“The Canucks’ Cup run, like war, has brought us together.”
The local newspapers have given the troops their marching orders. Over the past few weeks, Canucks “news” has been consuming trees faster than a biblical swarm of pine beetles, with news desks putting reporters’ assignments on a loop: Give me something with a hockey tie-in, and give it to me yesterday! Recipes, fashion statements, trips down memory lane, cultural events — as long as it is tinted blue and green, then it’s a tie-in that’s a shoo-in.
But I just about did a spit-take of my official soft-drink of the Vancouver Canucks when I read the above headline in Doug Todd’s A4 column of Tuesday’s Vancouver Sun. Curious. Todd, the paper’s religion reporter, is one of the few columnists who asks hard questions, often dipping his quasi-Christian sandals into the philosophical and ethical questions that our phantasmagorical culture arouses (i.e. painted Canuck faces), and doing so with the closest thing a newspaper writer (as I once was) can come to an emotion like compassion. (That’s when you care about things, right?)

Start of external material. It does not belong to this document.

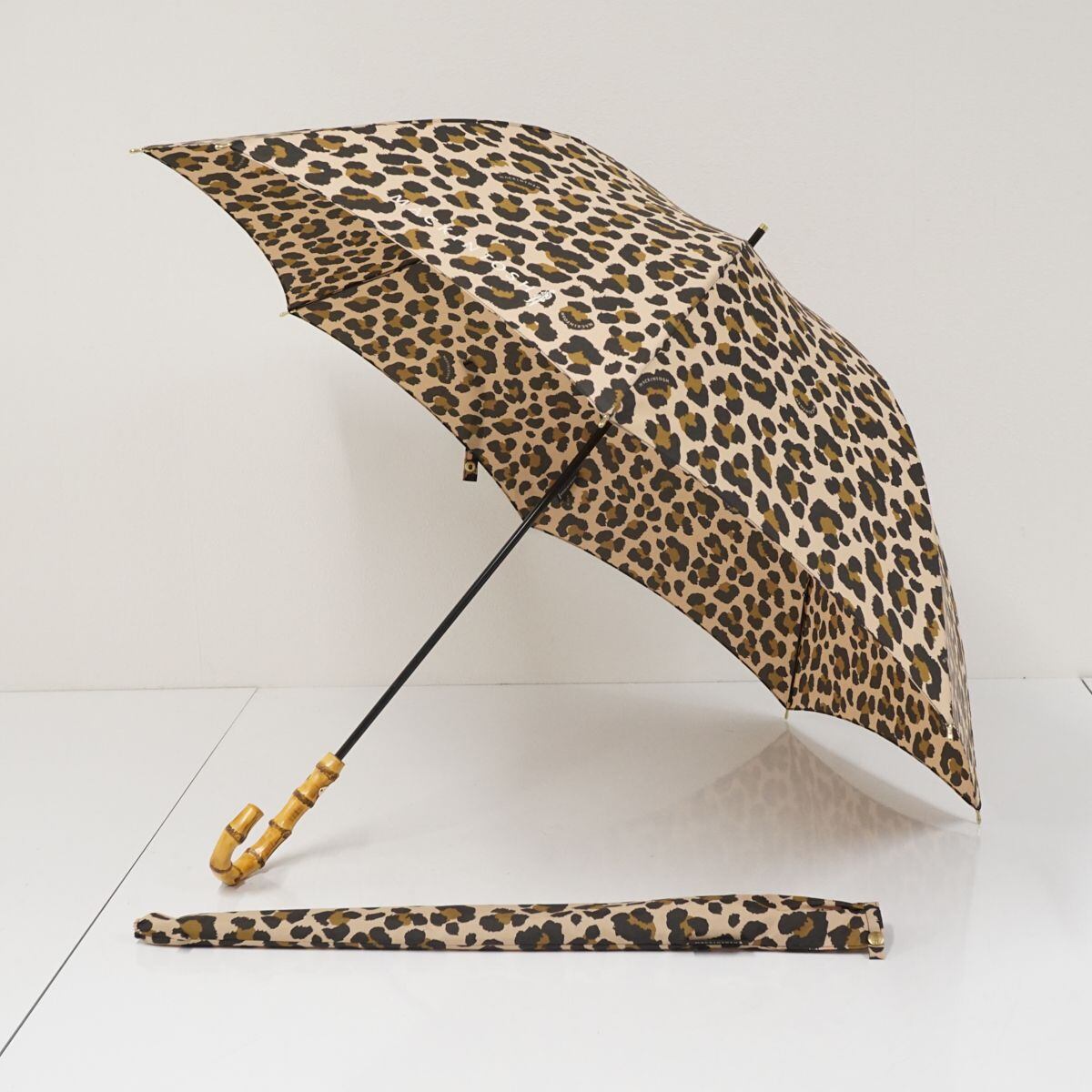 生地はレオパードパターンで、バンブーハンドルを合わせ、小さくスリムにまとめています。

Here, however, in tackling the phenomenon of sport, Todd makes some long jumps in logic that seem bush league. His main thrust, as the headline declares with bravado, is that the Canucks have united our multi-ethnic city around the rallying and trademarked call, “We Are All Canucks.” Despite my own four-decades-long irrational following of this team, however, I can’t read or hear “We are all Canucks” as anything but an insidious (and of course corporately created) slogan with a tell-tale totalitarian ring. It’s about as heartfelt as the response to the computer-generated noise meter. And Todd himself knows the peril that surrounds sport when mass noise is channeled through the wrong regime.